We stayed there for a while, chatting. Our conversation felt increasingly easy. Eventually, I said I was hungry, and he invited me round for dinner.

‘Trust me, I’m a good cook,’ he said. ‘I have a large repertoire, it’s not just pesto pasta.’

‘Don’t worry about it,’ I said. ‘My standards are very low.’ What I meant was that I couldn’t cook anything myself, so couldn’t judge others; the words had come out wrong. Luke seemed to spring to life and said that I should observe him as he made dinner, so I would learn a new recipe.

‘OK,’ I said.

He cooked us noodles with a sauce that I would never have thought to make myself. I positioned myself behind him, watching him reach for pans and chop vegetables. He had long arms and legs, broad shoulders, and I saw a small, dark birthmark on the back of his neck. There was also, I noticed, a huge energy to each of his actions: he chopped recklessly, hurled things into the sink, and stir-fried with the same wide, swooping arm movement he’d made while clearing the café table.

I was constantly aware of Luke’s body as we ate, sitting close together on his bedroom floor – he smelled clean, somehow like the apple he’d been eating. I felt warm and insulated from danger. Then, suddenly, his arms were around me, and we were kissing. This is what’s happening right now, I heard myself think. This is happening. His skin was warm and soft, my hand cupped the back of his neck. Then he stopped kissing me.

‘There’s something I should probably say,’ he said.

I still had my hands on him, and I smiled at the randomness of the whole situation: that I’d only planned to sit in the library café, and now I was here. ‘What?’ I whispered.

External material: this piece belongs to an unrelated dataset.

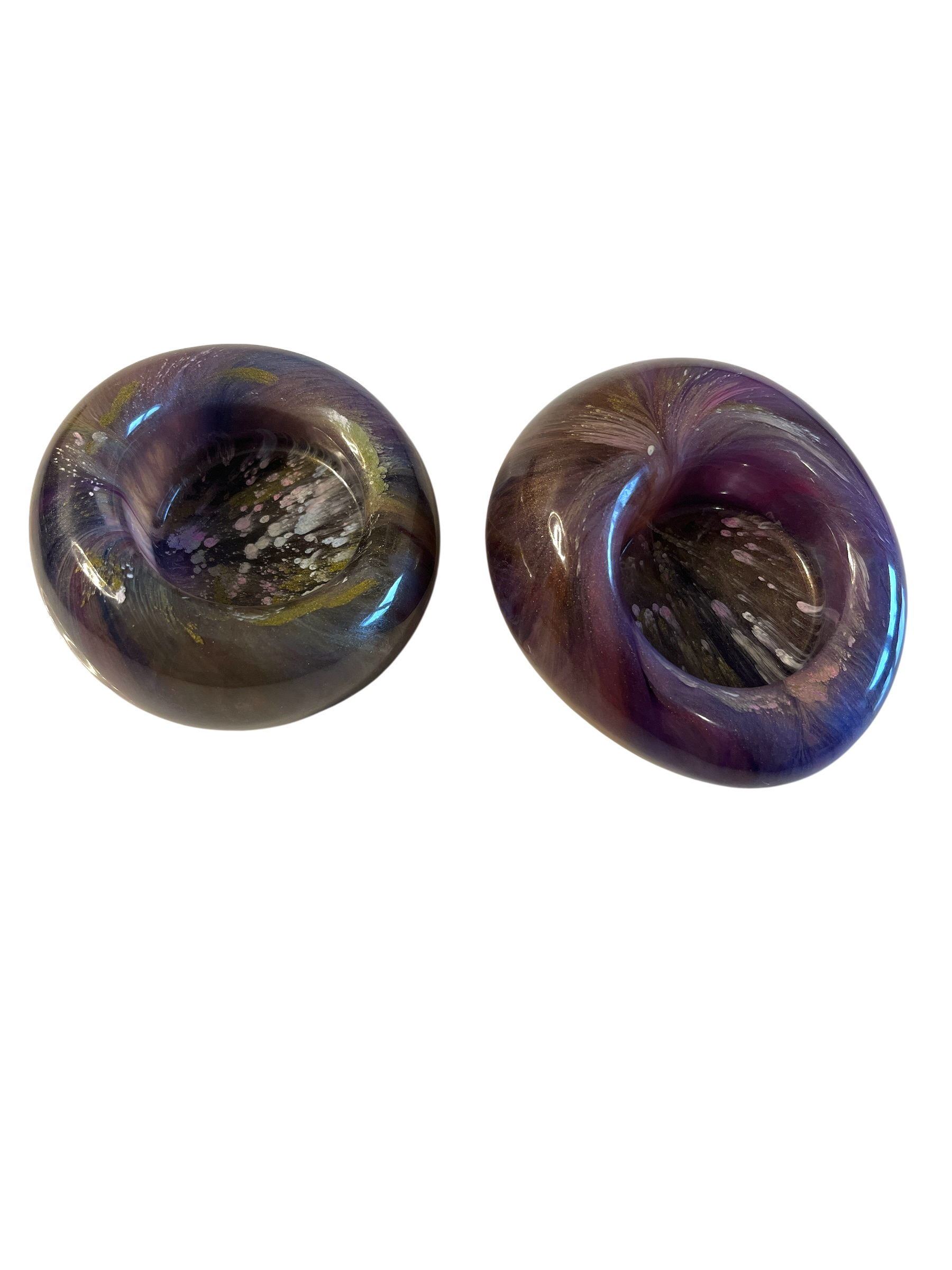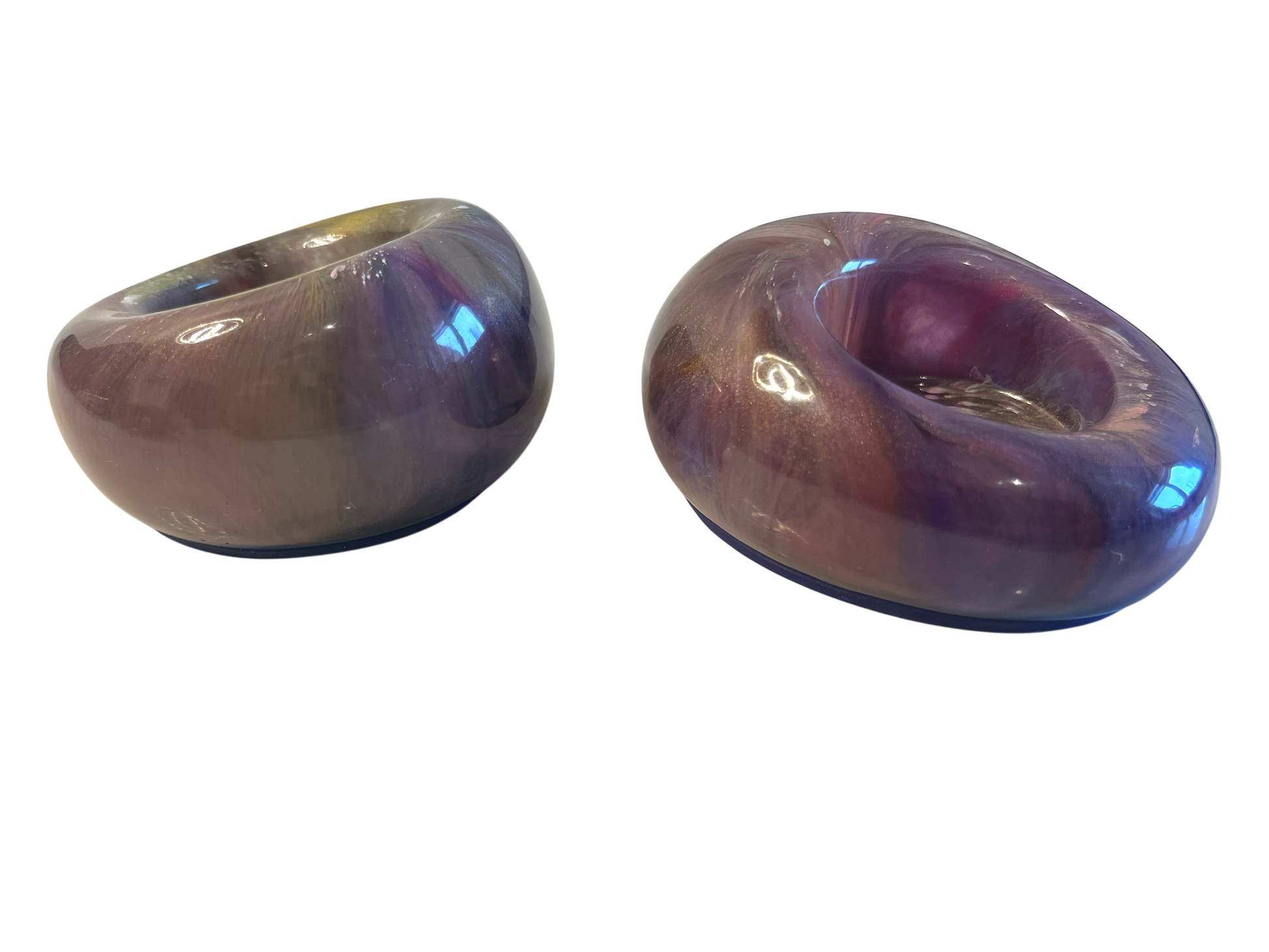 Dieses 2er Set bunter Teelichthalter bringt mit ihrem aufregenden Farbverlauf aus Lila, Grün und Weiß lebendige Energie in jeden Raum. Eingegossen in klares Harz und veredelt mit Alkohol-Ink-Farben, entsteht ein einzigartiges, faszinierendes Spiel aus Transparenz und Farbe, das deine Atmosphäre auf ein neues Level hebt. Ein mutiger Akzent für jeden Stil, der mutig und kreativ sein will.

‘I just feel like I need to say that I have a girlfriend.’

 

I realised later that I did already know this, vaguely: I’d heard Luke mention a girlfriend outside class before. Had I conveniently shelved this memory, or unconsciously assumed that they’d broken up? It wasn’t clear.

Luke had met Paige at school. They were sixteen when they got together, and now they studied at universities two hours apart. They took turns visiting each other every few weeks, although this was often irregular, because she was so busy. She was on the committee of multiple societies, she played football at an apparently impressive level and she travelled a lot, too. They had celebrated their four year anniversary in Amsterdam a few months ago.

Luke told me some of this information himself, but most of it came from Paige’s Instagram. It wasn’t hard to find – his own account had zero posts, but I went to his tagged photos and there she was, smiling next to him. He wore a suit, she a red dress. In heels, she stood at the same height as him.

I began to check her for updates ritualistically. I’d wake up and immediately search for her name before I opened any of the other apps, or even fully opened my eyes. Soon I only had to type in ‘P’, and her account was offered up as the first suggestion. She posted fairly often, but not as much as I would have liked her to.

Paige belonged to a certain category of girl. Some girls, I’d noticed, always bracketed their vanity in something else: beautiful pictures had to be candid or ironic. But Paige posted pictures of herself looking nice without feeling a need to justify it – the caption would be an emoji, or a matter-of fact sentence: drinks with the girls; post-match celebrations. Her pose of choice was always just a simple smile, directed straight at the camera. Her makeup was self-demonstrative: she had winged eyeliner, colourful lids, and her cheeks were earnestly contoured and bronzed.

She posted pictures of Luke regularly enough to affirm the relationship’s success, but they were always interspersed with friends, football matches, holidays, parties, as if to dispel any suspicion that she might be obsessive or pathetic about him. Yes, she had a life outside of Luke, just as he had one outside of her.

 

Paige was the first girl that Luke ever had sex with, he told me. I was the second. Together, we made a routine: he cooked dinner, we ate upstairs and then had sex. I loved feeling myself against Luke’s skin, bloated with food and with what felt like pure joy. Luke told me that other than Paige, I was the only person whose company he’d ever missed. I glowed when he said this about me. It didn’t matter that it was really a joint compliment for both me and her.

‘What’s your relationship history like?’ he asked.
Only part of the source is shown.